Just as businesses are starting to discover the benefits of virtualization, Microsoft is changing the license terms for new versions of Windows.

VMTN Blog
The goal from Microsoft seems to be to slow down the market and downplay features they can’t match, so that they have a chance to catch up.

In fact this is in direct conflict with the needs of their customers. The move by Microsoft not at all surprising. Before virtualization, businesses had to choose one operating system to install on their servers, and there was often one application that forced that operating system to be Windows. Once you installed an operating system on your server, you would likely end up buying other applications that ran on Windows – and Microsoft had a pretty strong lock on those customers. With virtualization a business can ran exactly as many different operating systems as they need, and new applications need not run on a Microsoft operating system. This is a threat to Microsoft’s lock on the market – so naturally they want to prevent the use of virtualization (except on their own terms).

Nothing surprising here.

The kicker is – if I were a business making use of virtualization, I would be looking at two things right now:

  • Moving services off Microsoft’s operating systems where practical.
  • Buying up old licenses for Windows 2000 (and 2003?) Server that did not limit use of virtualization.

Right off the bat, I bet we could free up some licenses by moving file and directory servers from Windows Servers to Samba on Linux (or Solaris). The freed licenses could be used to host any legacy Windows Server applications. In the mid-term I would be looking at moving any databases hosted on Windows Server machines onto one of the many non-Windows alternatives. Certainly if I were a forward-looking business, I would not be fond of Microsoft limiting my choices while cranking up costs.

With Samba, moving file and directory services off Microsoft servers is dead easy. Moving databases off Microsoft servers is more difficult (depending on the application), but given a bit of lead time, often quite feasible.
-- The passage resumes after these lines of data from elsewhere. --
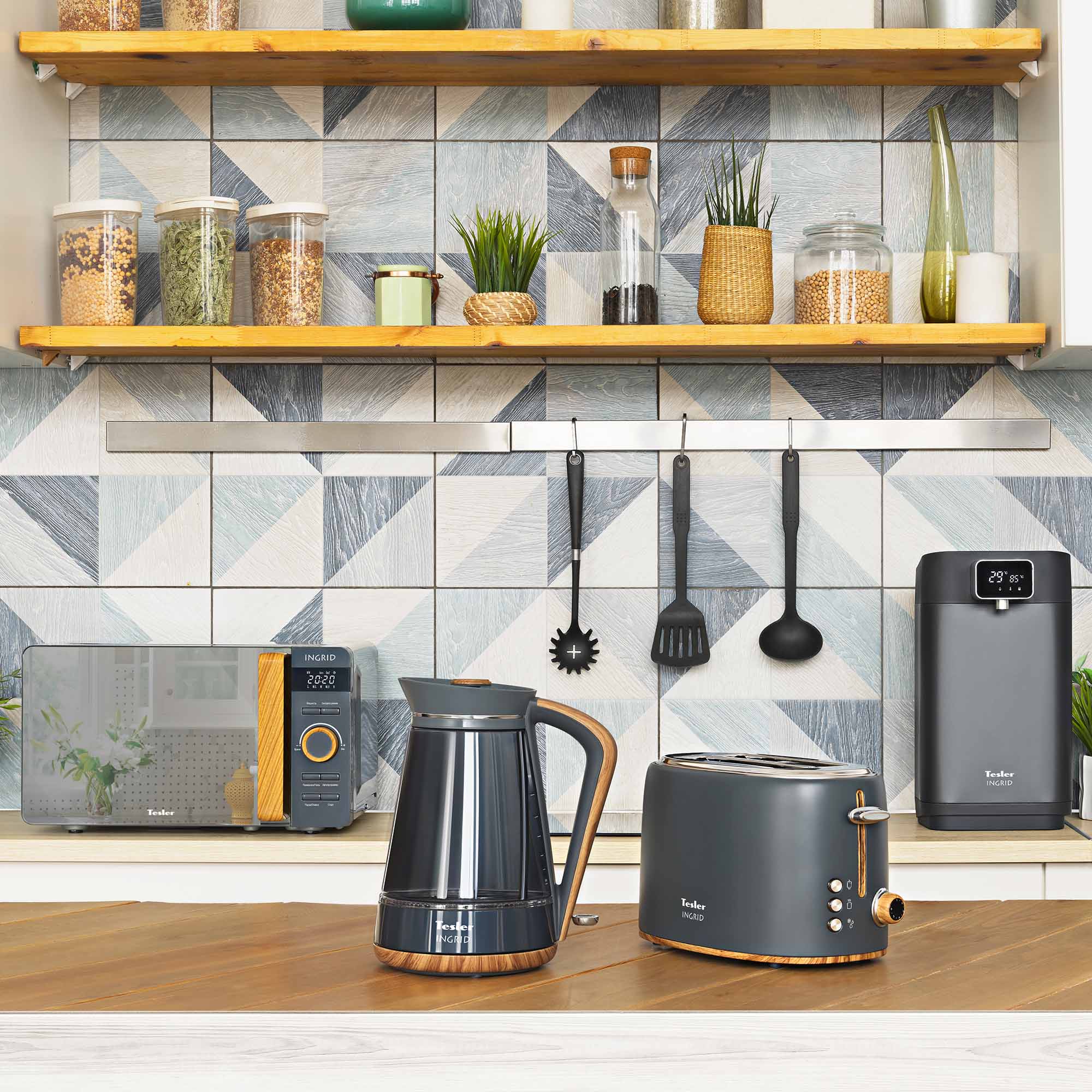 Окружите себя теплом и уютом вместе с линейкой бытовой техники Tesler INGRID. В комплект INGRID входят СВЧ-печь, чайник с корпусом из стекла, чайник из нержавеющей стали, тостер и термопот.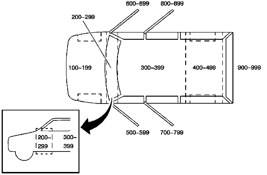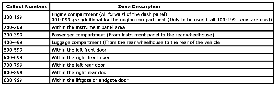 All grounds, in-line connectors, pass-through grommets, and splices have identifying numbers that correspond to where they are located in the vehicle. The following table explains the numbering system.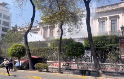 No obstante, como parte de estas movilización, poco después de las 12 en las oficinas de la Secretaría de Gobernación, manifestantes lanzaron cohetones al interior. Se ha registrado que, tan solo tres de ellos explotaron, mientras que otros quedaron en el patio.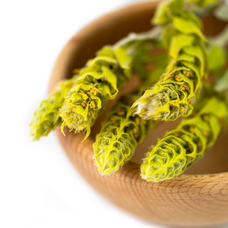 Gojnik BIO (Sideritis scardica), znany również jako herbata górska lub szałwia libańska, to roślina występująca naturalnie w wysokich partiach gór Bałkanów oraz w rejonach Turcji. W tej wersji oferowany jest w postaci całych szyszek, czyli nienaruszonych kwiatostanów, które najlepiej oddają naturalny charakter ziela i pozwalają zachować pełnię aromatu.

This is a dangerous gambit for Microsoft. By restricting the choices available to businesses currently using Windows Servers, they run the risk of pushing customers off Windows more quickly.

2007.02.24

Structured documents, DITA, DocBook, and Wikis

Filed under: Software, Web — Preston @ 7:44 pm

Dived into reading about DocBook and DITA this week.

This all started with my long-standing annoyance with MS Word (or OpenOffice at present) when editing documents with structure. Back in the early 1990’s, I was at a small outfit writing both software and documentation. The documentation was somewhat long (hundreds of pages), and illustrated well how poorly MS Word was suited to longer documents. What to maintain a consistent format through the document? You need to learn to use customized styles. Need to make a consistent change through the document? You need to eliminate any deviations from your customized set of styles. Possible … but very tedious.
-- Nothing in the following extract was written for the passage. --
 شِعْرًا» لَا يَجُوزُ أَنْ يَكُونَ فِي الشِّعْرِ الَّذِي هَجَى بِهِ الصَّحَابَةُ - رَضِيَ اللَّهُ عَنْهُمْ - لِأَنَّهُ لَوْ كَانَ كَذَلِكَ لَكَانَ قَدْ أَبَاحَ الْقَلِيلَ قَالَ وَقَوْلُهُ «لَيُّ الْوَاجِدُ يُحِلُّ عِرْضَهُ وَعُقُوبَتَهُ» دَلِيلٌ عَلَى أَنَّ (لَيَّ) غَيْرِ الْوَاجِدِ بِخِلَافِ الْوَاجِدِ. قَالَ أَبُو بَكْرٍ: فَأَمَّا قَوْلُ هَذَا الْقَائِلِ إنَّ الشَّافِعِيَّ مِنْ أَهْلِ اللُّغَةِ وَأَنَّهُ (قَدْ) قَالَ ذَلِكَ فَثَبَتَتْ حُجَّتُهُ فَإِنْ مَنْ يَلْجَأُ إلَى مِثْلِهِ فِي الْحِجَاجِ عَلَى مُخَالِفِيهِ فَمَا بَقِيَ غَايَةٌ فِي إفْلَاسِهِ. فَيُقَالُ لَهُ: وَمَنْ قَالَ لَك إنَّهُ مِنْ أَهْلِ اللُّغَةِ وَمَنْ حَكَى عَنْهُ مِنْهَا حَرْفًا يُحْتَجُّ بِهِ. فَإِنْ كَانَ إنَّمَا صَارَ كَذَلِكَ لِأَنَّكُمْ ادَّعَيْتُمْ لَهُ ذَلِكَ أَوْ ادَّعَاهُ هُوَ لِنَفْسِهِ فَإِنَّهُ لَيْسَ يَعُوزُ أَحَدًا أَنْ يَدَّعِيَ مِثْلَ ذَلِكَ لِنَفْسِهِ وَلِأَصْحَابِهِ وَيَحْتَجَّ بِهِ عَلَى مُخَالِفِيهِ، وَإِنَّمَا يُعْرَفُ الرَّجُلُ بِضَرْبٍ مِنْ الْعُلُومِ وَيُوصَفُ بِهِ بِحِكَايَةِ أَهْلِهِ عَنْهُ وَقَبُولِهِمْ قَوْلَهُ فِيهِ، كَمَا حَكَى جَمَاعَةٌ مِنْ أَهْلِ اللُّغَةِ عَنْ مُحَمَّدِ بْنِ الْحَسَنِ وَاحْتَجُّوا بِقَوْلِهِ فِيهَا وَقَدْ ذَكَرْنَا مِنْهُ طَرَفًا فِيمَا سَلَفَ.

Skip forward to the more recent task of writing design documents. Style is an annoyance, as the master “template” documents (done by someone else) are a bit of a hash. My other long-standing annoyance is that documents of this sort tend to be throw-away. Extracting information in design documents is always done manually. The documents have structure, but the structure is not in the document in any easily programmatically accessable form. Seems the lack of consistent manageable style and the lack of explicit accessible form – are simply two sides of the same problem.

You could encode the structure of your documents as XML. You could then apply transforms and stylesheets to get the appearance you want. Certainly possible … but rather than start from scratch, mucked around looking at for what other folks had done. No point in re-inventing the wheel, after all.

Found DocBook. DocBook has been around a fairly long time, and has much supporting material (books, articles, and software support). On the other hand, seems to be oriented rather heavily towards books (not entirely appropriate in my context), and to be rather cumbersome to learn and use. Might be convinced to make the effort, but would I want to inflict this on all the other developers in the company? Nope, not really.

Found DITA. As a more recent product, DITA seems to have learned from DocBook. DITA is heavily used/supported by some folk at IBM. Might be a bit lighter to pick up and learn than DocBook. There is an open source DITA toolkit, though rather cumbersome to learn and use. Would I want to inflict this on other developers? Nope. Still too “heavy”.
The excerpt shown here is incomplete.